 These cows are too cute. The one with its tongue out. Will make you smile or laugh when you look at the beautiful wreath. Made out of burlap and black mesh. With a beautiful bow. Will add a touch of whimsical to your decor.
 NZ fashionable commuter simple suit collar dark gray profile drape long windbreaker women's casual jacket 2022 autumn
-*-*-
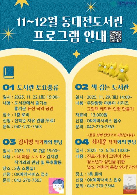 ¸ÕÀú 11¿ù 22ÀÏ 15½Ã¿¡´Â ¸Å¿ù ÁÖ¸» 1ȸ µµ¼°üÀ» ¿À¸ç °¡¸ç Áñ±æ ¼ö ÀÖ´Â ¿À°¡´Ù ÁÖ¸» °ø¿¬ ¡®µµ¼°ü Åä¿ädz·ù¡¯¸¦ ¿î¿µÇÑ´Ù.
-*-*-
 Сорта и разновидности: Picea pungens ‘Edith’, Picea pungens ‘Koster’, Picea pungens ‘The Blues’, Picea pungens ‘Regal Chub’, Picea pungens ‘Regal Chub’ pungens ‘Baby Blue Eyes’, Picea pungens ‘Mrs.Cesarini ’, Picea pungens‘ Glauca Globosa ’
-*-*-
Exercise directions: Of all the entries above, output exactly the lines between the one holding "These cows are" and the one holding "NZ fashionable commuter", inclusive.

Exercise output:
 These cows are too cute. The one with its tongue out. Will make you smile or laugh when you look at the beautiful wreath. Made out of burlap and black mesh. With a beautiful bow. Will add a touch of whimsical to your decor.
 NZ fashionable commuter simple suit collar dark gray profile drape long windbreaker women's casual jacket 2022 autumn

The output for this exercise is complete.